Lobbying

Climate bill could be short on details

Allowances are permission slips to release emissions, and they function as a currency in the market the cap-and-trade legislation would create. For Boxer (D-Calif.) and Kerry (D-Mass.), they are chits to use to negotiate support for their bill as they attempt to form a winning coalition.

{mosads}The Boxer-Kerry strategy repeats the one that Reps. Henry Waxman (D-Calif.) and Edward Markey (D-Mass.) used to build a coalition that passed the cap-and-trade bill in the House.

The two senators are expected to release their bill on Wednesday, but some details emerged on Monday.

The Senate bill is expected to call for slightly more aggressive reductions than the House bill — a 20 percent cut by 2020 instead of the 17 percent Waxman and Markey eventually settled on.

The Senate version will also include a price collar that is designed to constrain the price of carbon between a floor and a ceiling. Where exactly the parameters are set will be the subject of a vigorous lobbying campaign among an industry that wants greater cost-control assurance and environmental groups that worry a strict collar will undermine the “environmental integrity” of the bill.

The draft is also expected to have “placeholders” for some additional subsidies for coal and nuclear power.

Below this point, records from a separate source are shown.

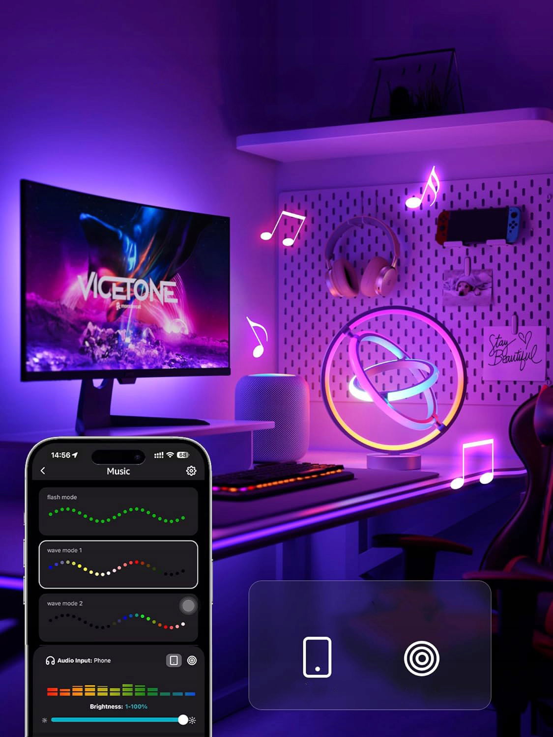 Dzięki technologii LightBeats oraz wbudowanemu czujnikowi dźwięku lampa może reagować na rytm muzyki. Kolory i efekty świetlne zmieniają się w takt ulubionych utworów, tworząc dynamiczną atmosferę idealną na imprezy, gaming lub relaks.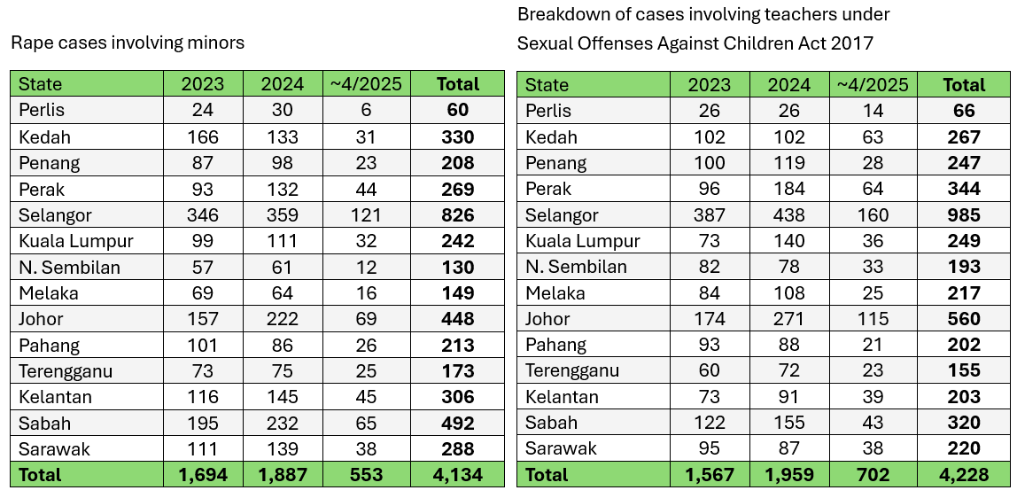 Cases involving teachers have also increased too, with a total of 4,228 reports of child sexual abuse received between 2023 and April 2025—1,567 cases in 2023 and 1,959 last year, and 702 cases for the first four months this year.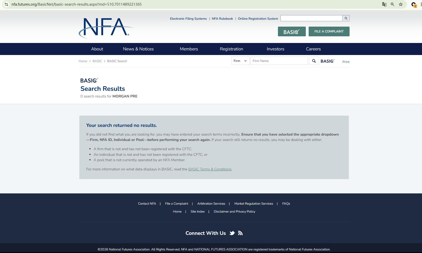 The absence of NFA registration confirms that this platform is operating without proper authorization. Therefore, Morgan Pre appears to be a scam.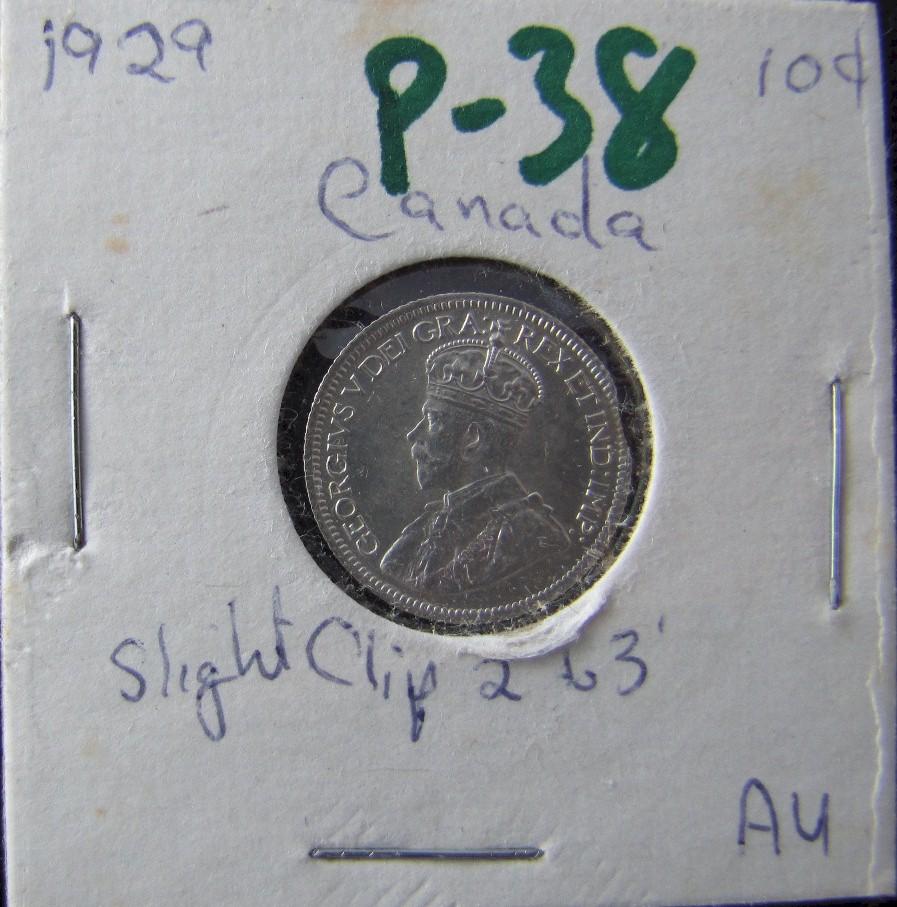 1929 10¢ MS62, clipped. Rarely seen on early issues. A nice ERROR coin.
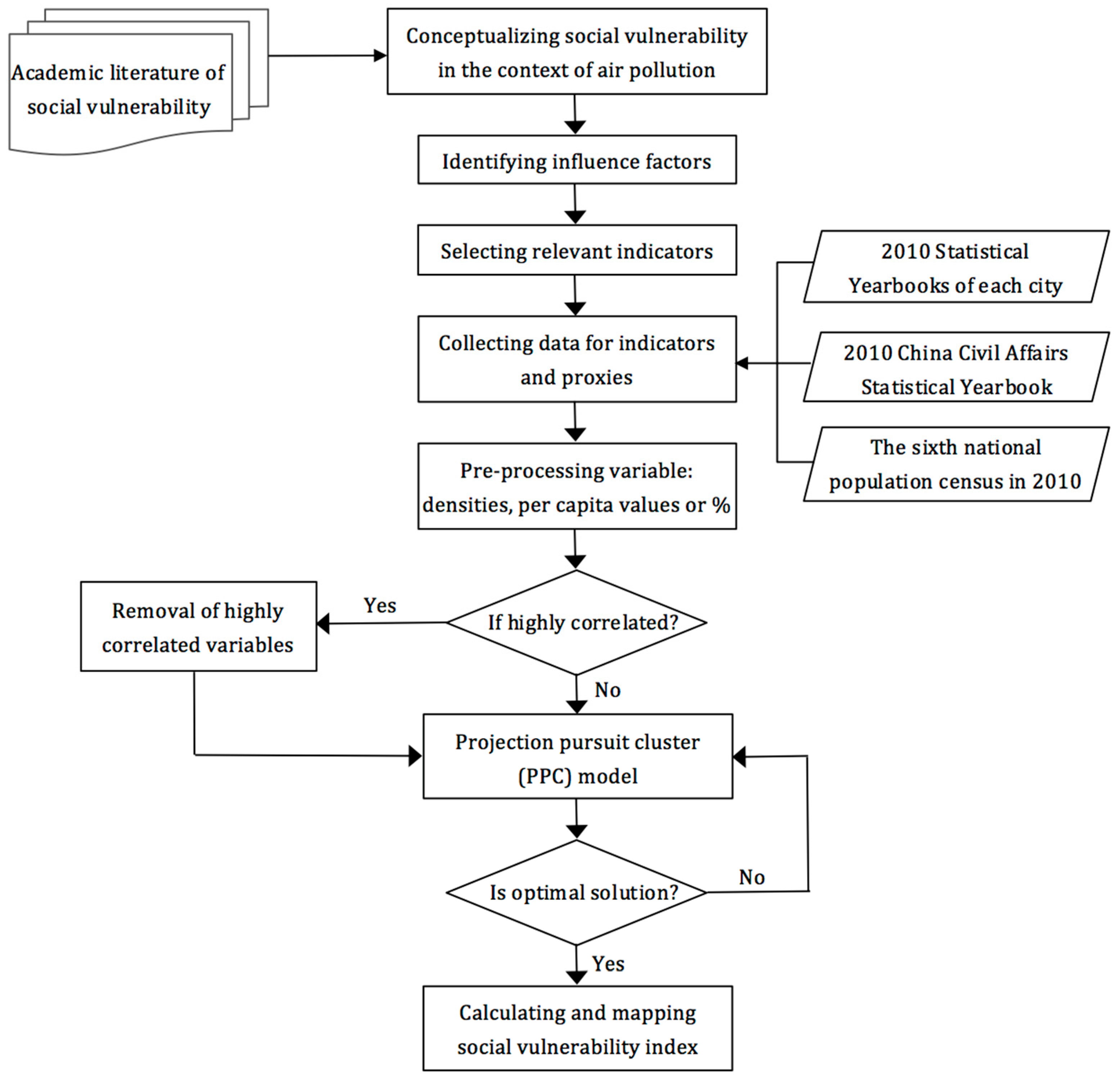 The remainder of this paper is organized as follows: In Section 2, after conceptualizing social vulnerability in the context of air pollution, a method for assessing social vulnerability with projection pursuit cluster (PPC) model is proposed with a case study of the Yangtze River Delta Region in China. In Section 3, based on the results from PPC model, spatial variations of social vulnerability index (SVI) and SVI dimensions (susceptibility, exposure, and adaptability) are mapped and analyzed. Finally, the paper closed with conclusions and recommendations in Section 4.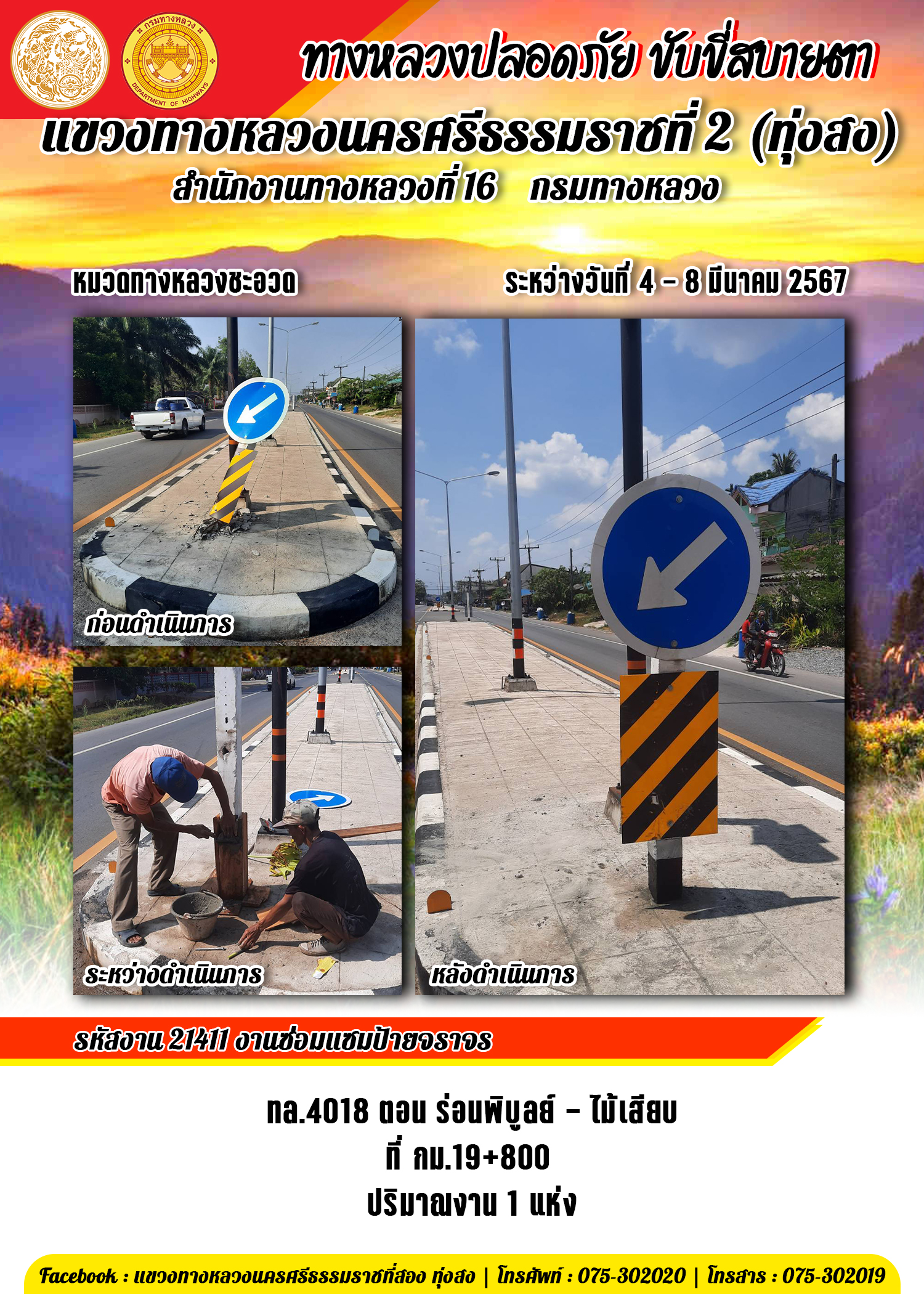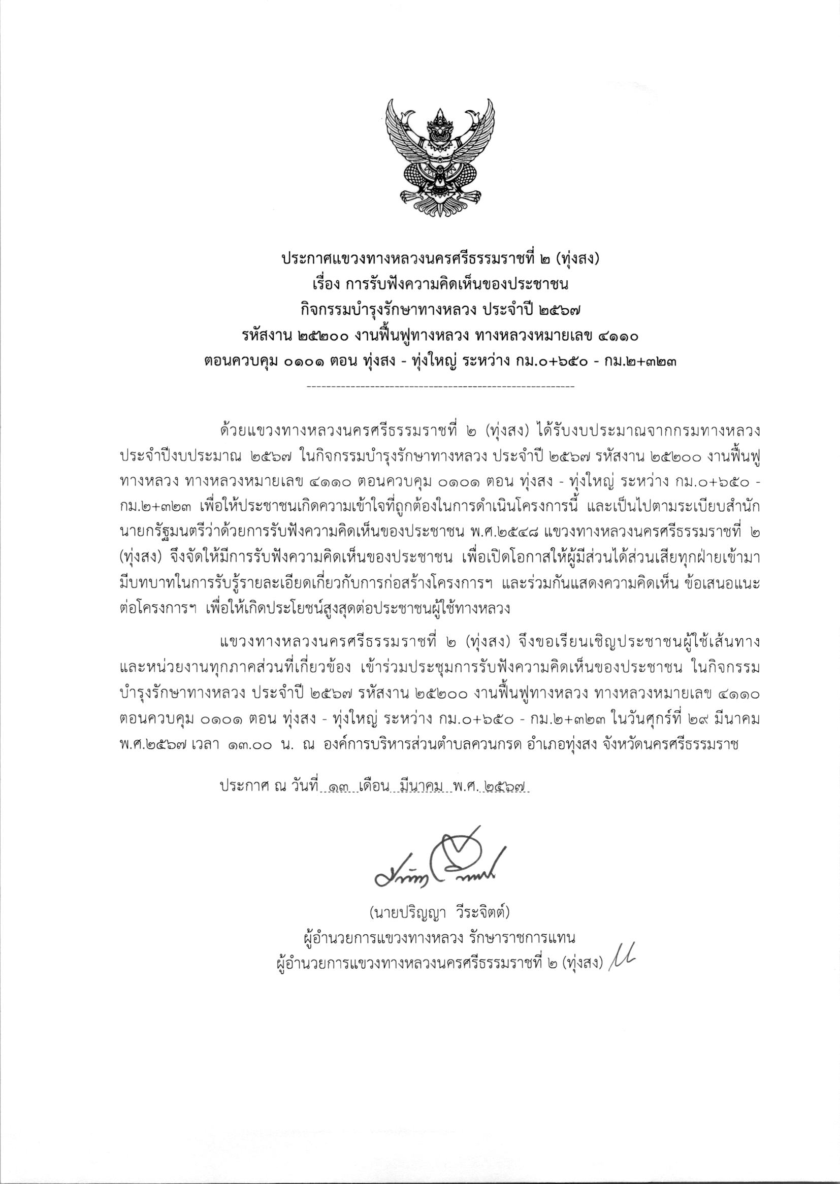 รับฟังความคิดเห็นของประชาชนในกิจกรรมบำรุงรักษาทางหลวง ประจำปี 2567 รหัสงาน 25200 งานฟื้นฟูทางหลวง ทางหลวงหมายเลข 4110 ตอนควบคุม 0101 ตอน ทุ่งสง - ทุ่งใหญ่ ระหว่าง กม.0+650 - กม.2+323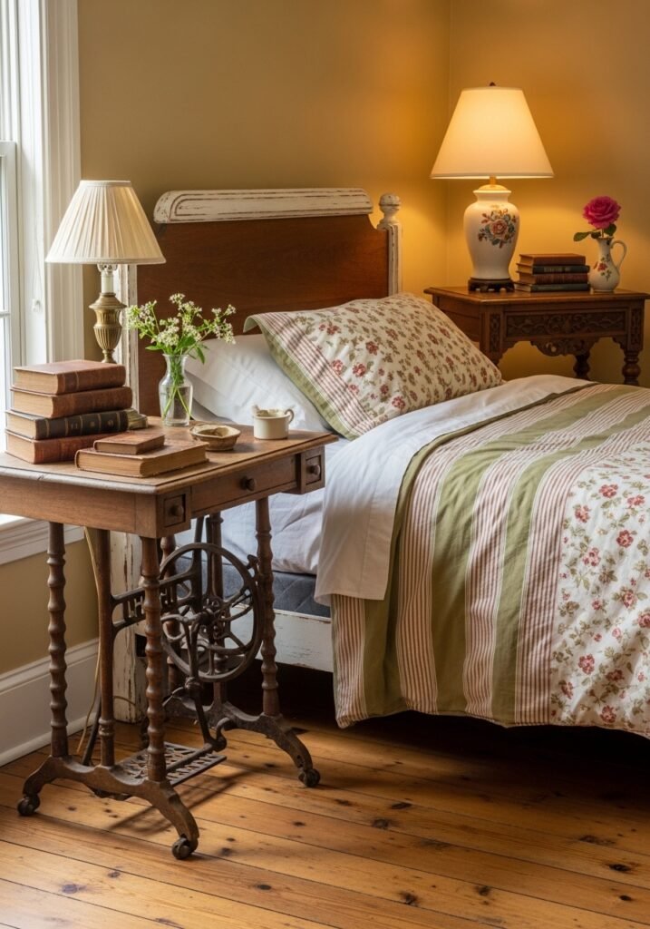 Mismatched antique nightstands are among the most charming vintage bedroom ideas because they create an effortlessly curated look. One side might feature a small writing desk while the other holds a repurposed sewing table. Top them with vintage lamps, stacked old books, and a small vase of flowers for a perfectly styled bedside scene.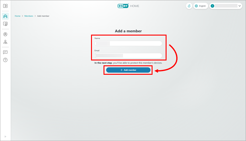 Type the member's name and email address and click Add member.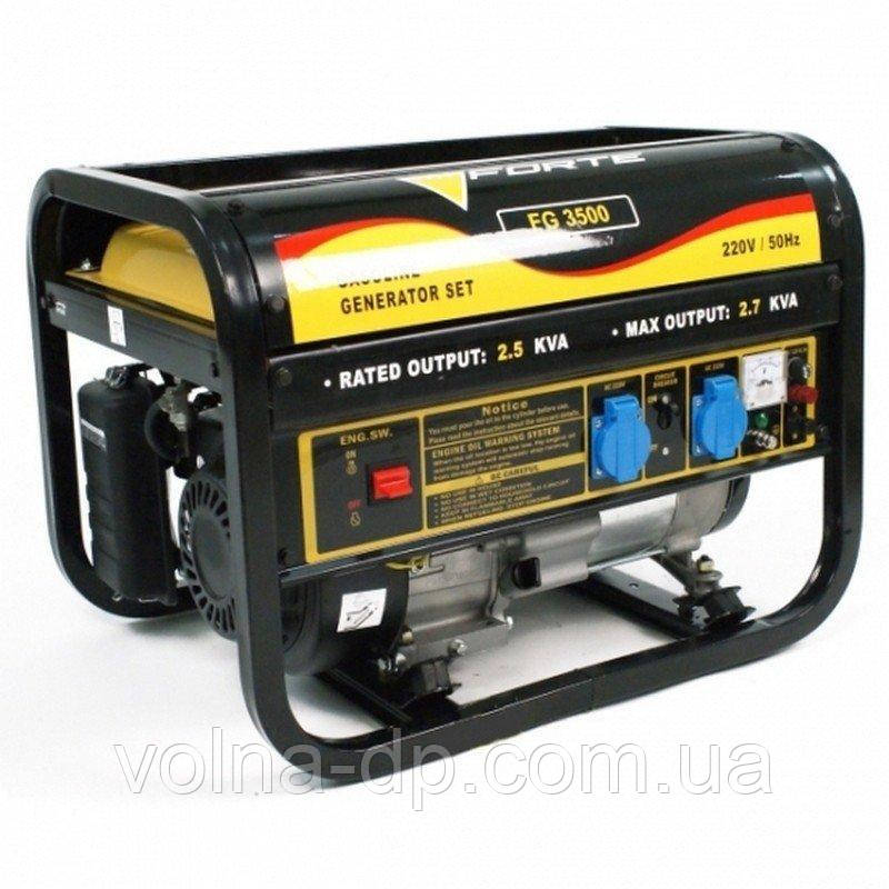 640.0 (мм) Однофазний бензиновий генератор Форте FG3500 ― професійний апарат, який призначений, як для основних, так і для резервних джерел електроенергії, для живлення споживачів в сільському господарстві, в медичних та освітніх установах, в побутових умовах, в місцях, де немає ліній електропередач або відключена електрика. Бензинову електростанцію зручно використовувати в якості сезонного аварійного джерела живлення для підключення домашнього електрообладнання, а так само будівельних інструментів. Незважаючи на малу вагу і розміри генератора, він оснащений потужним 4-х тактним бензиновим двигуном 2500 Вт, збільшеним баком до 15 л, низьким рівнем шуму (65 дБ), а так само наявністю ряду захистів для запобігання поломок або перегріву апарату. Дані технічні особливості однофазної бензинової електростанції Форте FG3500 зробили її популярною серед домовласників, дачників, будівельних бригад. Однофазний бензиновий генератор Форте FG3500 економно витрачає бензин (споживає 0,55 л/кВт-год), за рахунок чого його безперервна робота може тривати до 12-ти годин (з умовою повної заправки і навантаження генератора). Особливості: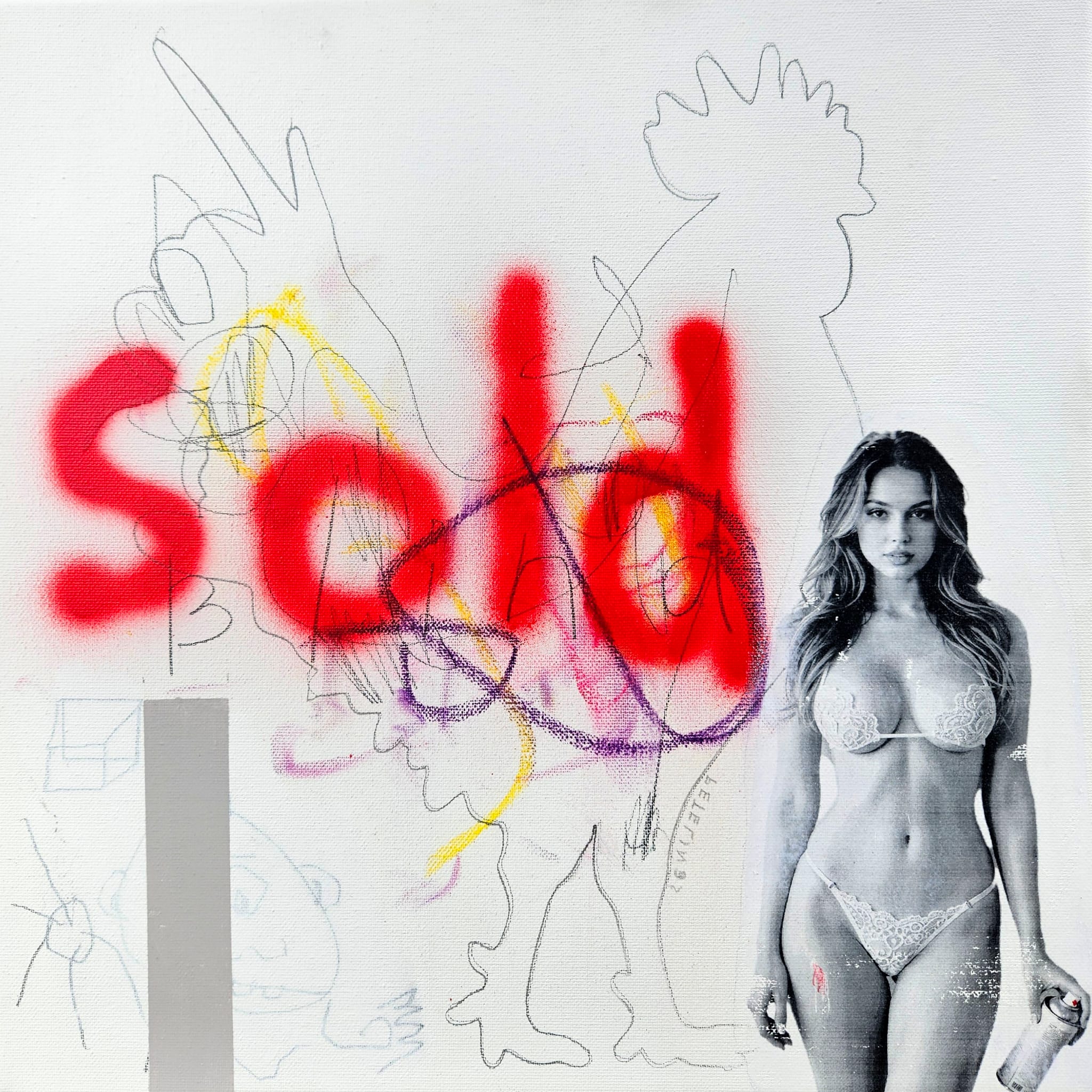 Mixed media on canvas (acrylic, oil, spray paint, pencil, graphics, print, collage, textiles)

The bill’s release on Wednesday will be followed by a series of hearings and a markup by the Environmental and Public Works Committee that is now expected in late October. Boxer is the chairwoman of that committee.

Most energy lobbyists expect the bill to pass Boxer’s committee but not get much further this year.

That would give President Barack Obama some progress on climate to show off in Copenhagen, Denmark, where world leaders will discuss what to do about global warming, but leave a final push in the Senate for early 2010.

Several Democratic senators are already on record as being uneasy about the climate bill. The distribution of the allowances is one way to ease those concerns.

Some sectors, namely the oil and gas industry, feel like they weren’t treated fairly under the allowance system Waxman and Markey eventually settled on. Jack Gerard, the president and CEO of the American Petroleum Institute, said the sector was seeking more “equitable” treatment.

Refiners got 2 percent of the allowances to cover emissions at their own facilities. But the sector is also responsible for the emissions that come from the use of their products — in total, around 44 percent emitted by human activity in the United States.

The Institute is flying in Hispanic workers this week as part of its grassroots push to change its image from that of the corporate fat cat. The group was preceded by a group of women and African-Americans who work in the industry, and will lobby on taxes and access issues beyond climate.

“We want to show the human face of the oil and gas industry in the United States,” Gerard said.

Another utility exits Chamber

Meanwhile, the climate bill continued on Monday to cause difficulty for the U.S. Chamber of Commerce. Exelon, a large, Chicago-based utility, said it was leaving the business trade group over its opposition to climate legislation, becoming the third power provider in a week to exit the Chamber.

John Rowe, the chairman and CEO of Exelon, made the announcement in Chicago during the American Council for an Energy Efficient Economy’s national conference.

“Inaction on climate is not an option,” Rowe said.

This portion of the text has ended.